Only when this conviction has become established within us, can we have a guiding principle for fruitful activity outward; before, it is too early, and so in most cases without result. Salvation is not a doctrine in which one can remain quite the same, can say Lord, Lord, and yet be far from him, but it is some actual thing that really happens to us if we give up our will to it.
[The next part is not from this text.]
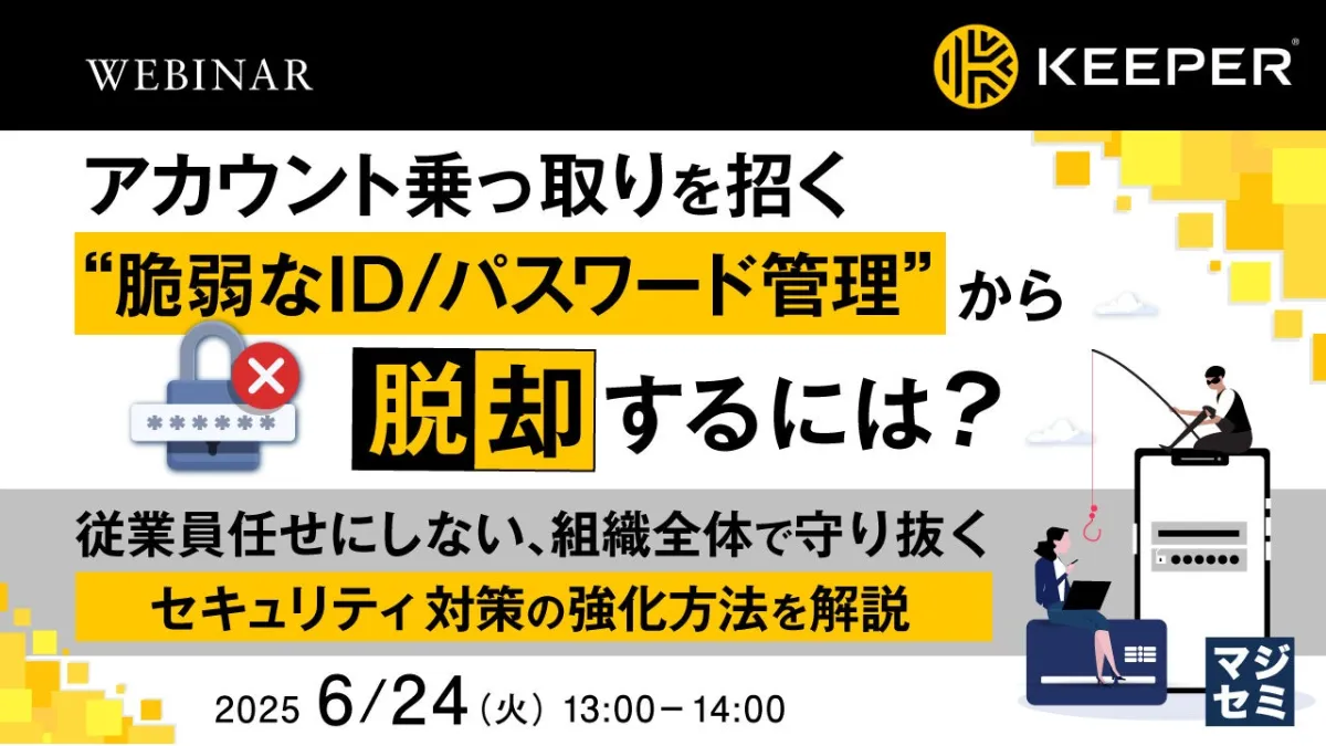 このウェビナーは、参加者の皆様がセキュリティ対策を一歩進めるための貴重な機会です。少しでも不安を抱えている方は、ぜひご参加ください。主催はKeeper Security APAC株式会社。協力としてマジセミ株式会社、株式会社オープンソース活用研究所が名を連ねています。
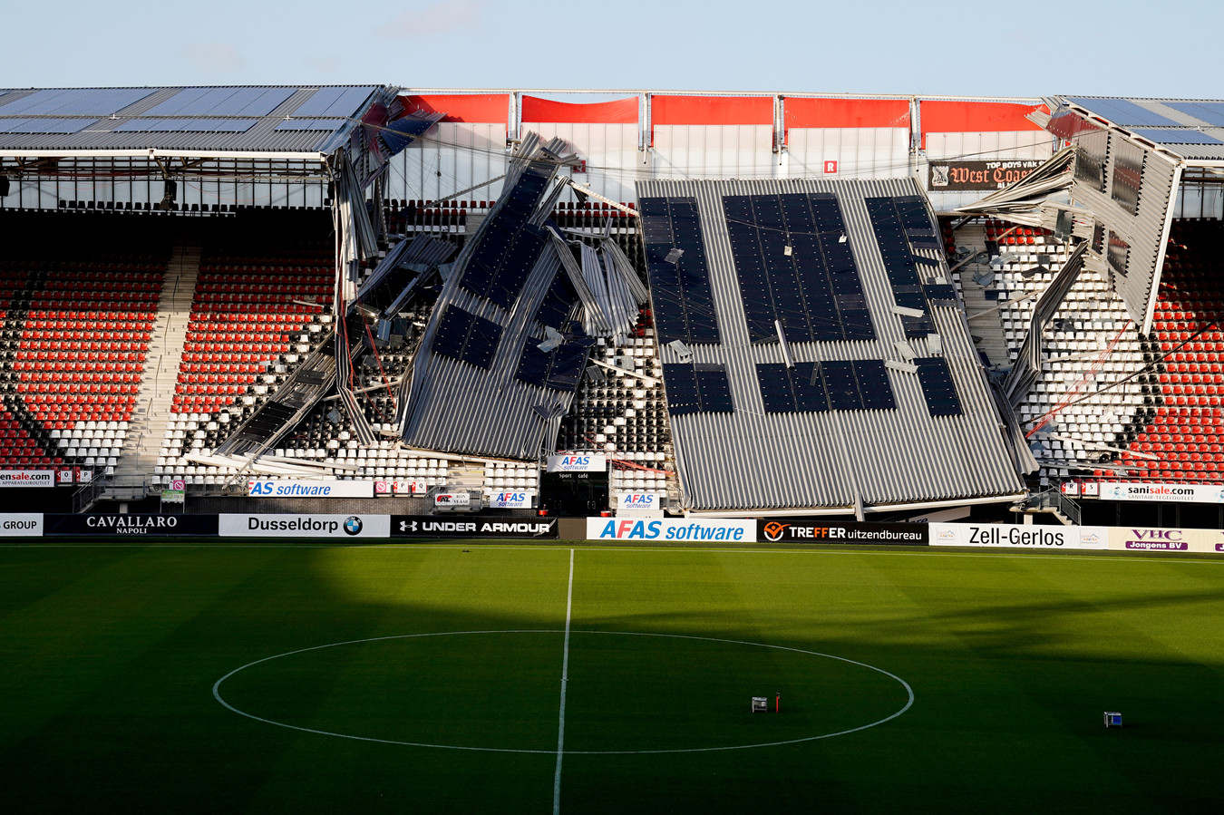A bicyclist died at about 2:30 p.m. One person was killed, and separately a portion of the afas stadion roof collapsed as heavy winds gripped the netherlands on saturday. The latest tweets from @azalkmaar Az alkmaar's afas stadion roof collapsed completely destroying part of a stand. Afas stadion decision to build a new stadium was taken in early 21 st century.

But in order that this may be able to happen to us, we must first be free from self-love, from self-concern in all its forms; that is the difficult work that is wrought within us slowly, with many a halting-place and with much cross-bearing. For we must be quite empty of ourselves before we can receive everything that we need for our understanding and feeling, but it must come in daily rations like the manna of the Old Testament, not all at once as the crafty “old man” would much rather have it, so as to be as independent as possible of God’s daily grace; that is the “last error, that is worse than the first.” To train us thereto, so that we may receive the right gifts in their fulness, is the meaning of our life-guidance up to this point; only then, and not before, will our activity be full of blessing. In this connection the “social question” comes in, not only for the men of our time, but of every time; it has always existed, and always will exist, so long as there are human beings; it will never find its solution either through Church or through State, but only through the ethical power and the personal love of infinitely many individuals, each one of whom must, in the sphere of work indicated to him, do that which is specially laid upon him, and neither bury nor exchange his talent. That is his outward task in life, which he may neither evade nor be unfaithful to, and only when and in so far as he is just to this shall he teach it to others also, and help, during his lifetime, to maintain this teaching of love upon the earth. When once money, ambition, and pleasure no longer play any considerable rôle with a man, then he finds so much leisure time upon his hands that he must really look about him for some activity to fill it up, else he runs the risk of falling back, through tedium, to where he was before.
This period is, therefore, essentially made up of work and struggle, but if all goes rightly, the work is more and more joyous, done with greater and greater gladness, and without any feeling of distress, and the struggle against everything undivine in oneself or in others is more and more victorious, more and more quiet; and in this period there is finally “a rest that remaineth for the people of God.” God will give them the end they are waiting for, and an end that is not sad, like that of so many noble men who had a different aim in life.
Schiller’s picture is not the right one when he says, “Quietly, with vessel barely saved, the old man returns to the harbor from which, in youth, he set out with a thousand masts.” No; thankful for all he has done and suffered, content with what he has become through God’s mercy, and with the confident prospect of a yet greater and better field of action, he already, without waiting for his death-bed, lays his life-accounts to one side, and looks with simple quietness upon the (for him) unimportant transition into a new sphere of life.